**TASK TO CARRY OUT**
Could you output the entries that follow exactly, omitting any pictures they contain?

**DATASET EXTRACT**

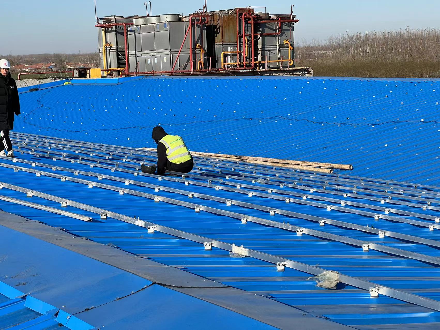 本項目位于舜王街道,由于廠區屋面銹蝕嚴重。前期需要對屋面彩鋼瓦進行更換,更換完成后進行組件安裝。
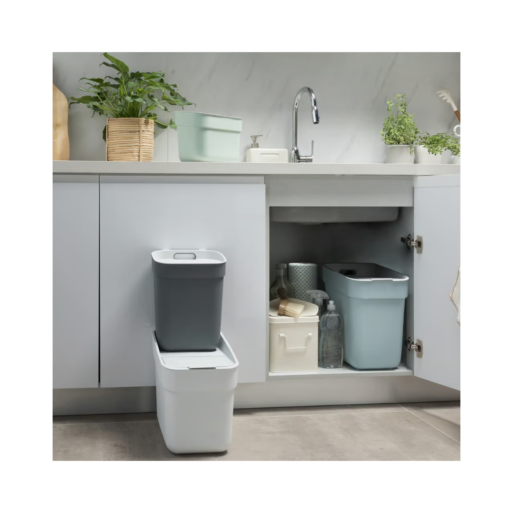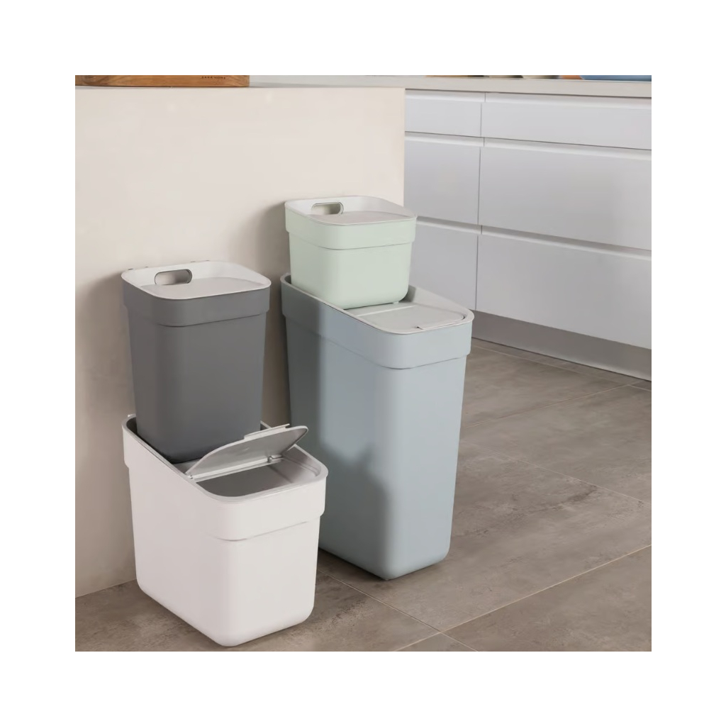 READY TO COLLECT je ideálne riešenie triedenia odpadu pre Váš domov! Modulárny a vysoko funkčný rad READY TO COLLECT prichádza vo sviežej a modernej palete farieb, ktorá sa hodí do každej kuchyne, technickej miestnosti alebo garáže. K dispozícii je v rôznych veľkostiach: od 5 l bio kompostéra kuchynského odpadu po 10 l, 20 l alebo dokonca 30 l odpadkové koše, zbieranie prázdnych obalov, fliaš alebo plechoviek nebolo nikdy tak jednoduché. Chcete ušetriť miesto? Všetky veľkosti je možné stohovať na seba s ľahkým prístupom spredu pre 20L a 30L nádoby. Vďaka voliteľnému nástennému držiaku ich možno dokonca zavesiť na stenu alebo skrinku. Zdvíhanie, prenášanie a vyprázdňovanie koša uľahčuje veľká zadná a pohodlná spodná rukoväť.
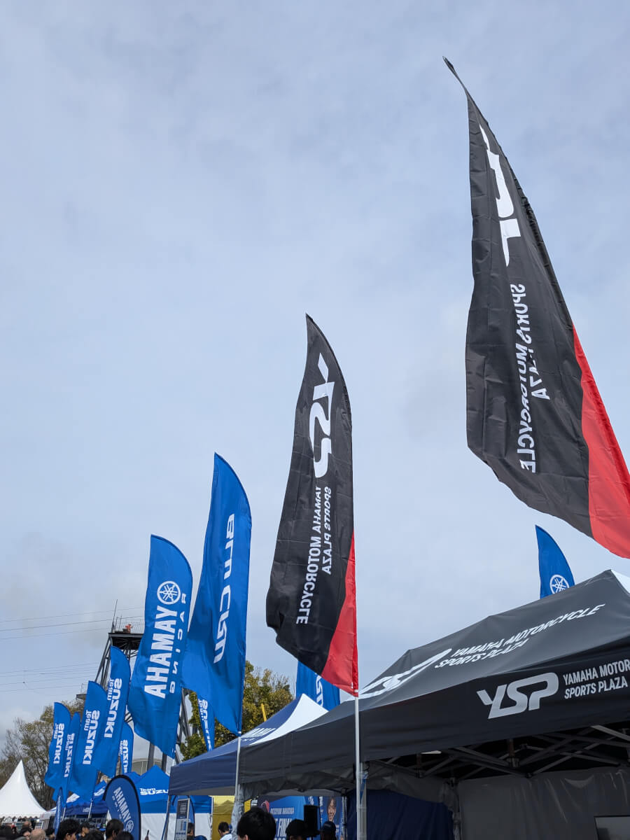 到着後は青い旗を探してヤマハブースへ!手荷物を預けての観戦は非常に助かります。
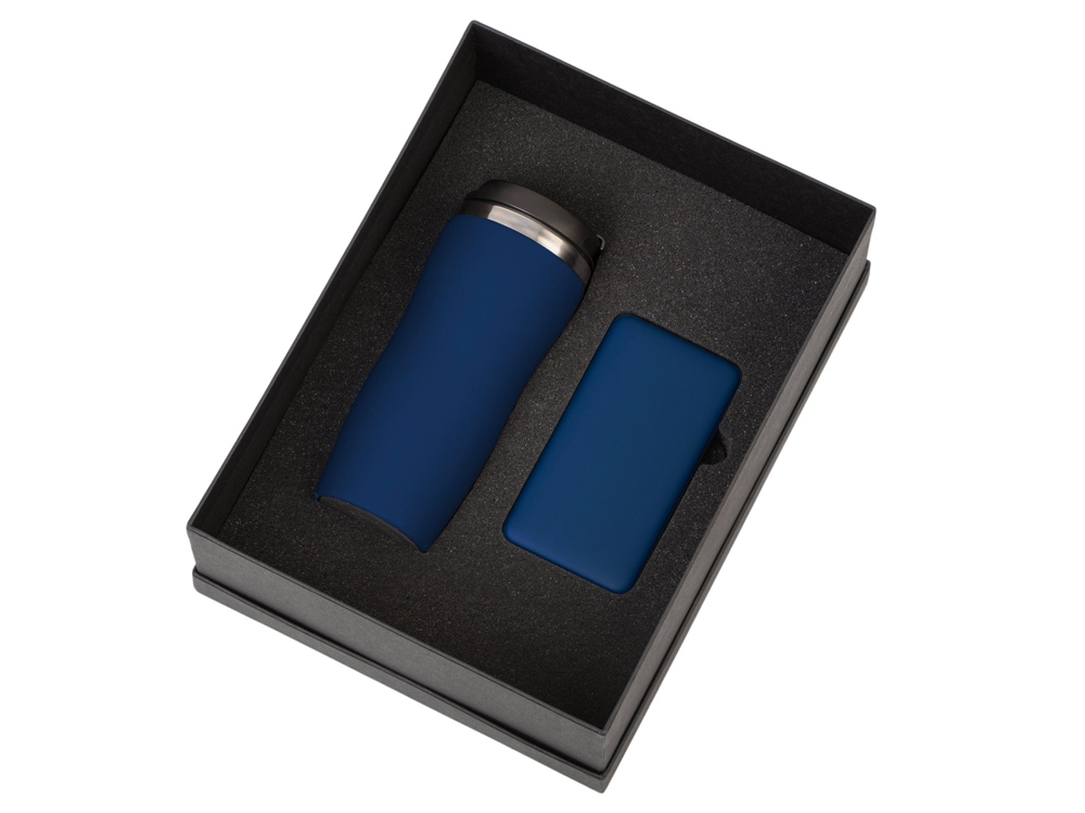 термокружка - нержавеющая cталь с покрытием soft-touch, внешний аккумулятор - пластик с покрытием soft-touch, коробка - картон переплетный 1,5 мм, дизайнерская бумага.
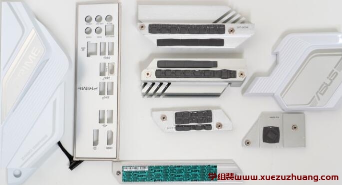 拆下主板全部散热器和马甲,VRM和晶片组散热器上都有导热胶条。
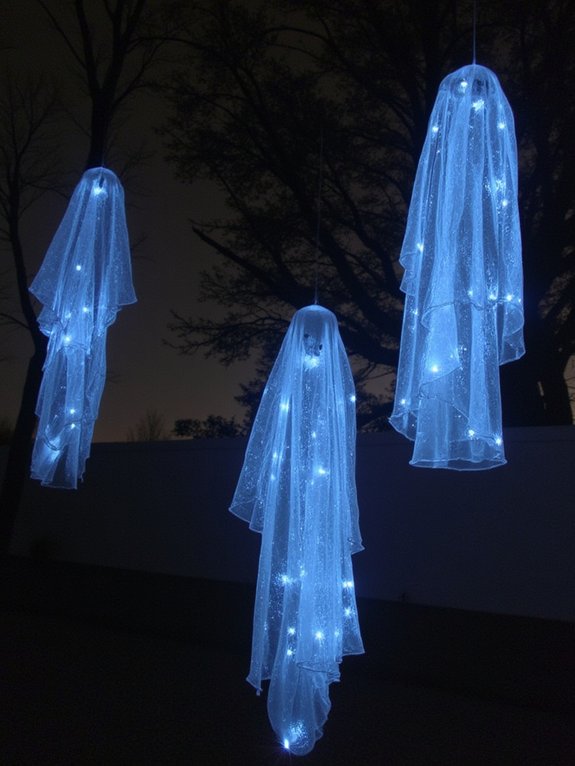 Floating Ghostly Figures create an eerie Halloween display using basic household materials. By combining white sheets, wire frames, and glow sticks, these ethereal apparitions appear to hover mysteriously in the night air. The simple construction takes about two hours and transforms any outdoor space into a haunting scene.

**RESPONSE AREA**
 本項目位于舜王街道,由于廠區屋面銹蝕嚴重。前期需要對屋面彩鋼瓦進行更換,更換完成后進行組件安裝。
 READY TO COLLECT je ideálne riešenie triedenia odpadu pre Váš domov! Modulárny a vysoko funkčný rad READY TO COLLECT prichádza vo sviežej a modernej palete farieb, ktorá sa hodí do každej kuchyne, technickej miestnosti alebo garáže. K dispozícii je v rôznych veľkostiach: od 5 l bio kompostéra kuchynského odpadu po 10 l, 20 l alebo dokonca 30 l odpadkové koše, zbieranie prázdnych obalov, fliaš alebo plechoviek nebolo nikdy tak jednoduché. Chcete ušetriť miesto? Všetky veľkosti je možné stohovať na seba s ľahkým prístupom spredu pre 20L a 30L nádoby. Vďaka voliteľnému nástennému držiaku ich možno dokonca zavesiť na stenu alebo skrinku. Zdvíhanie, prenášanie a vyprázdňovanie koša uľahčuje veľká zadná a pohodlná spodná rukoväť.
 到着後は青い旗を探してヤマハブースへ!手荷物を預けての観戦は非常に助かります。
 термокружка - нержавеющая cталь с покрытием soft-touch, внешний аккумулятор - пластик с покрытием soft-touch, коробка - картон переплетный 1,5 мм, дизайнерская бумага.
 拆下主板全部散热器和马甲,VRM和晶片组散热器上都有导热胶条。
 Floating Ghostly Figures create an eerie Halloween display using basic household materials. By combining white sheets, wire frames, and glow sticks, these ethereal apparitions appear to hover mysteriously in the night air. The simple construction takes about two hours and transforms any outdoor space into a haunting scene.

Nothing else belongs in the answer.